The systems already exist to allow every person to generate their own power and clean their own water without pulling out any more than the water table will allow. The systems already exist that allow us to transport ourselves without polluting. The systems already exist that allow us to produce healthful and delicious food locally and without chemicals or hormones. The systems already exist to end disease, hunger, and poverty… Want to know why they're not being used?

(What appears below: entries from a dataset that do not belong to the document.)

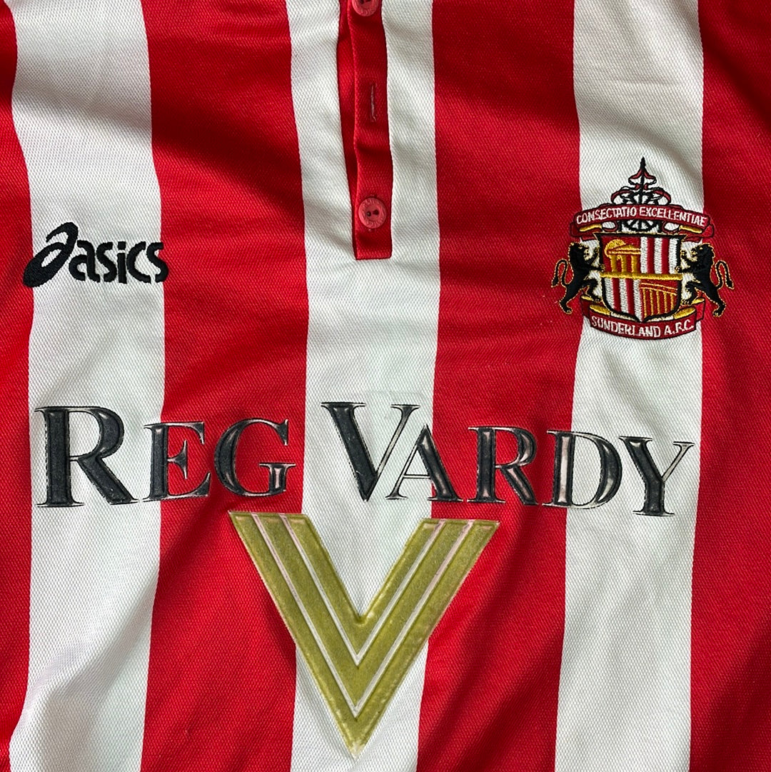 Shirt info: This was the last year of Sunderland and Asics before they moved on to Nike. This means Sunderland only used this shirt for one season in 1999/2000. The shirt has the Asic's name and Sunderland badges embroidered on it.
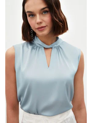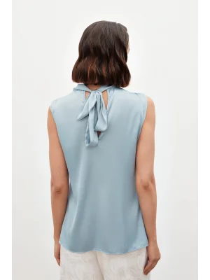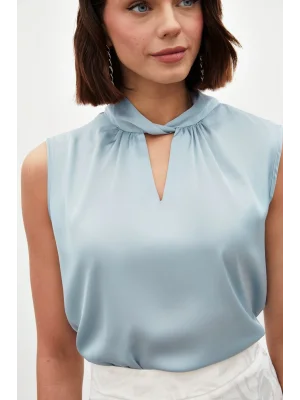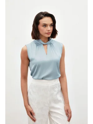 Yaka Detaylı Saten Bluz - BEBE MAVİ
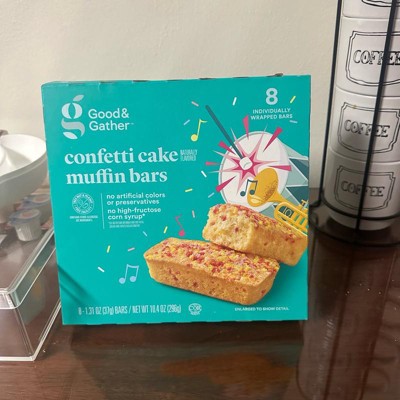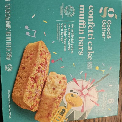 Perfect for busy mornings, school lunches, or any time you crave a sweet bite, these Confetti Cake Naturally Flavored Muffin Bars from Good & Gather™ pack the deliciousness of a fresh-baked muffin into a convenient bar form. With bright confetti cake flavors and ingredients, no artificial colors or preservatives, and no high fructose corn syrup*, they're a great on-the-go snack for the whole family.
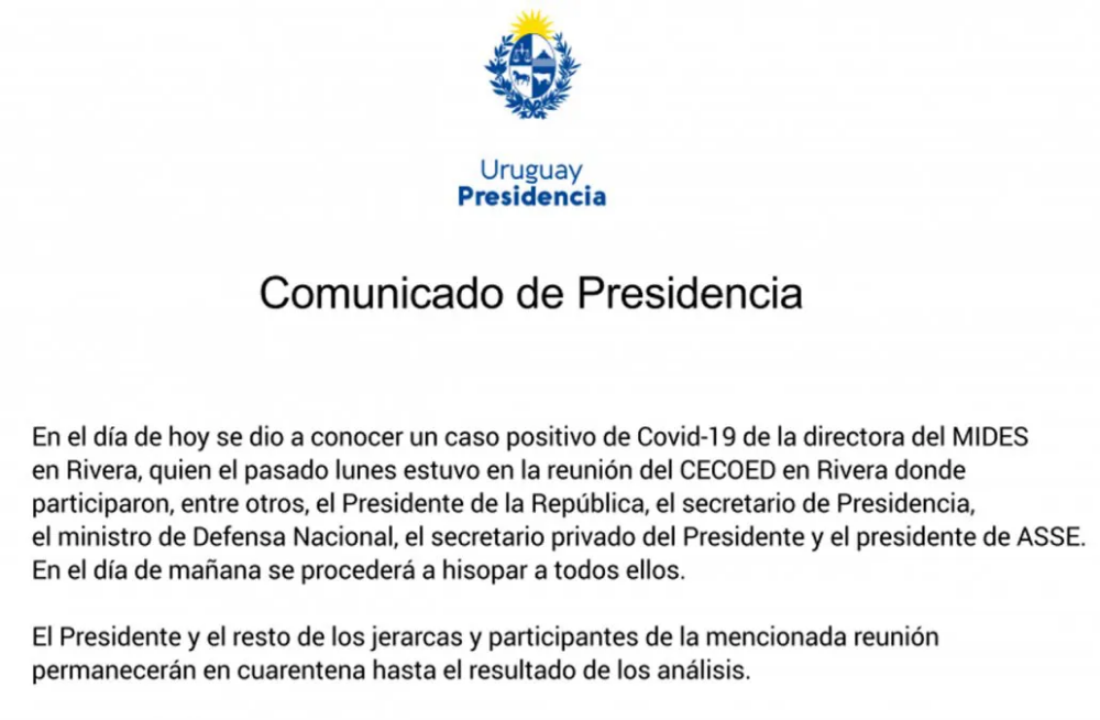 Presidencia informó que todos ellos también se harán el test de Covid-19 en las próximas horas. Mientras esperan el resultado, el presidente y los demás jerarcas del gobierno permanecerán en aislamiento.
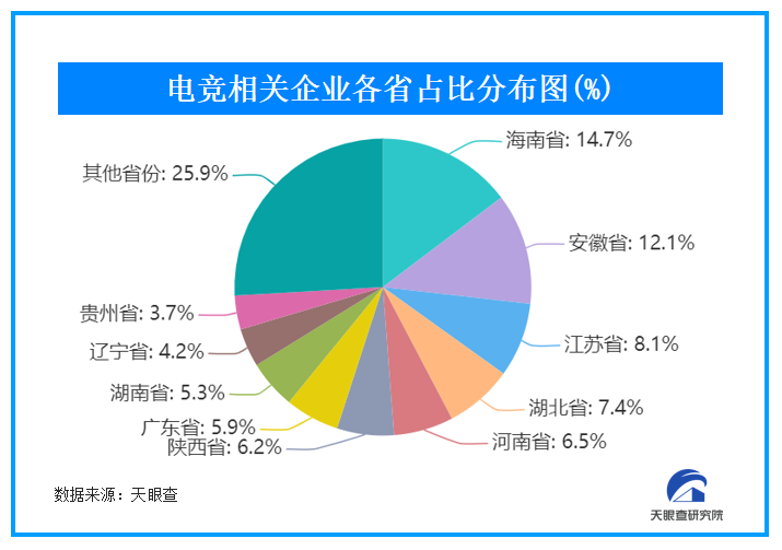 從電競相關(guān)企業(yè)省份分布來看,海南省已擁有9100余家電競相關(guān)企業(yè)位居全國首位,體量約占電競相關(guān)企業(yè)總數(shù)的14.7%。海南省在產(chǎn)業(yè)孵化、電競+旅游項目開發(fā)、賽事落地、人才培養(yǎng)等電競產(chǎn)業(yè)鏈方面發(fā)力效果凸顯。
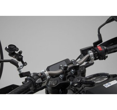 Nosso kit universal oferece uma variedade de diferentes opções de montagem na bicicleta: a esfera de 1" incluída pode ser montada em uma rosca M6 ou M8, no porta-rosca do espelho ou com uma braçadeira de montagem. A braçadeira O kit de montagem foi projetado para guidões com diâmetro de 22, 28 mm ou 1". O braço com junta esférica giratória facilita o posicionamento no painel, para que o motorista tenha sempre à vista as indicações de navegação sem abrir mão da boa visão do painel.
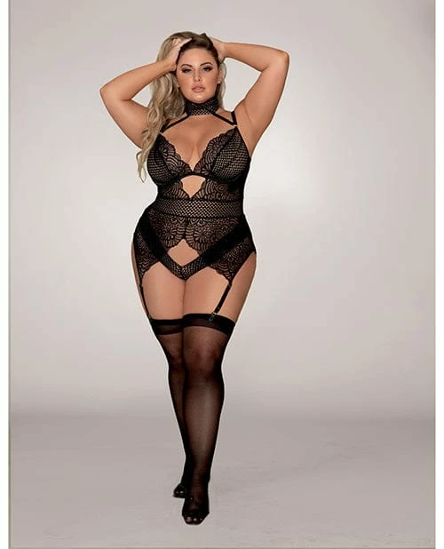 Dreamgirl International Scalloped Stretch Lace, Snap Crotch Gartered Teddy Black
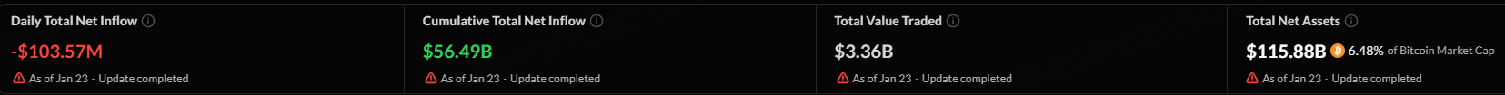 The Bitcoin spot ETF with the highest net outflow on January 23 was iShares Bitcoin Trust (IBIT), with a net outflow of $101.62 million, according to SoSoValue.

Because they're distributed, and we live in a capitalist system that by its very design moves assets upwards and collects them in the hands of a small number of people — and these two models can not live together with any harmony as long as the average person is a sheep.

Most of the solutions that can save our species — which as I said, already exist — are small scale. For example, rather than monstrous centralized power generation systems, every house can generate its own power and other needs, feeding back what it doesn't need into the grid to balance loads. The “problem” with these systems is that they don't allow for centralization, which in turn does not allow for centralization of profit. Systems like this distribute profits, and instead of distilling assets to a small number of centralized entities, keep them local and split between many people. Thus the most powerful people and corporations on the world are threatened by them and fight against them.

Welcome to the power of advertising, which can make otherwise reasonable people commit suicide and embrace slavery.

Wow Shannon, that's really annoying! What is it, 1997 on Geocities? Retroweb is NOT cool!